====== Record excerpts

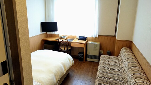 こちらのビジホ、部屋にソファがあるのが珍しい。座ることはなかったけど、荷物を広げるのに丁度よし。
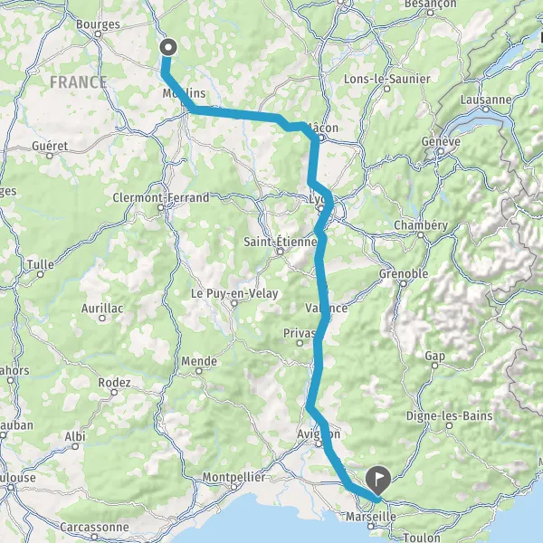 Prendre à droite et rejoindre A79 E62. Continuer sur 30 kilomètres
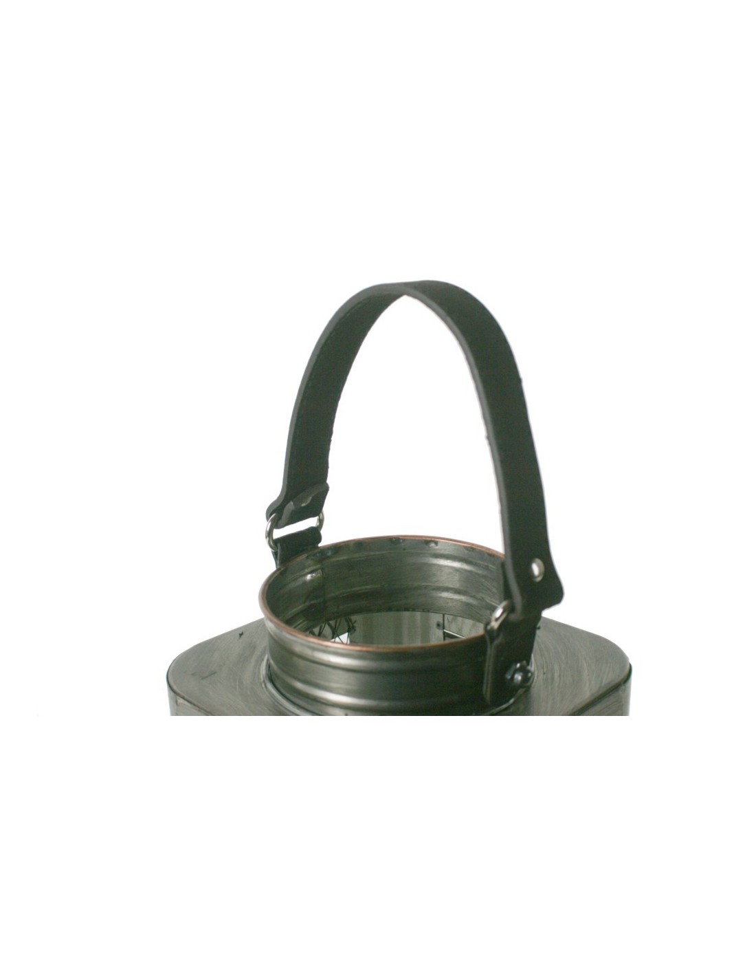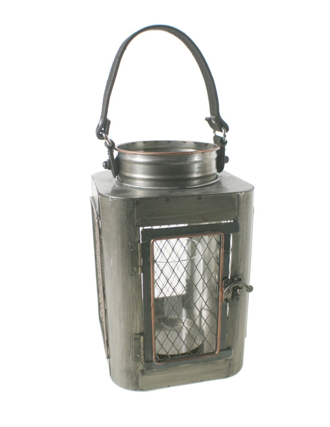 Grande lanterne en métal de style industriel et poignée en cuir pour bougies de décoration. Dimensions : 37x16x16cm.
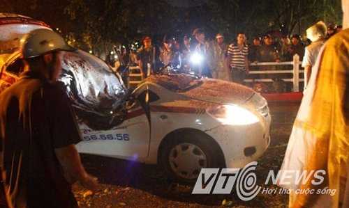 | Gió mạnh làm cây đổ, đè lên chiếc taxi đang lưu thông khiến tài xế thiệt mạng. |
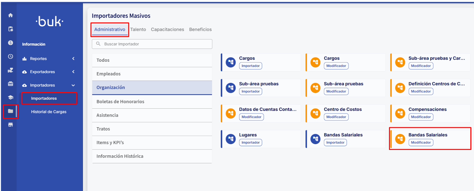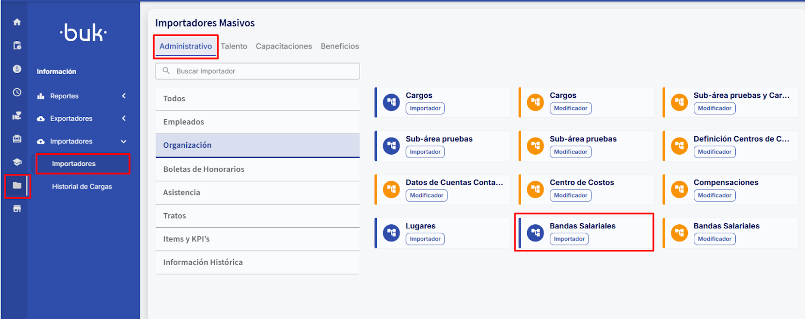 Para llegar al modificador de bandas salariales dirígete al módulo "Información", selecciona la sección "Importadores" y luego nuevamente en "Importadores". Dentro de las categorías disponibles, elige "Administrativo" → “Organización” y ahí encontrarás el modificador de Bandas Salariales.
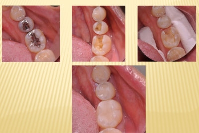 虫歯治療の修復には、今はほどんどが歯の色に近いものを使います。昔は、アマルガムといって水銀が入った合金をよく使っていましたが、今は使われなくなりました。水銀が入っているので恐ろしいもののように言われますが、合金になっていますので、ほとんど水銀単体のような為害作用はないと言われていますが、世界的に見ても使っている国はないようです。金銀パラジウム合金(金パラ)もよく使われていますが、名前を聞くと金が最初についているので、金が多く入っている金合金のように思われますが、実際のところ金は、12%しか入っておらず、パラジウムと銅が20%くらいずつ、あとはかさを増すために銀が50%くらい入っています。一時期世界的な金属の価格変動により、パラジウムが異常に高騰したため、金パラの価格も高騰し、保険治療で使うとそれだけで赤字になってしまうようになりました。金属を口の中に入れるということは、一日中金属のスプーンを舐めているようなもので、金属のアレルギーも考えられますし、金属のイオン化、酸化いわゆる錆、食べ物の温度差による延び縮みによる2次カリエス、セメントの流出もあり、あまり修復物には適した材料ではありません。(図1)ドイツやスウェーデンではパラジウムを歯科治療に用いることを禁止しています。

============

- [Task to carry out] Please return the data above exactly as it stands from the line with "Prendre à droite" to the line with "thiệt mạng. |", keeping both of those lines but none of the pictures.

- [Exercise output]
 Prendre à droite et rejoindre A79 E62. Continuer sur 30 kilomètres
 Grande lanterne en métal de style industriel et poignée en cuir pour bougies de décoration. Dimensions : 37x16x16cm.
 | Gió mạnh làm cây đổ, đè lên chiếc taxi đang lưu thông khiến tài xế thiệt mạng. |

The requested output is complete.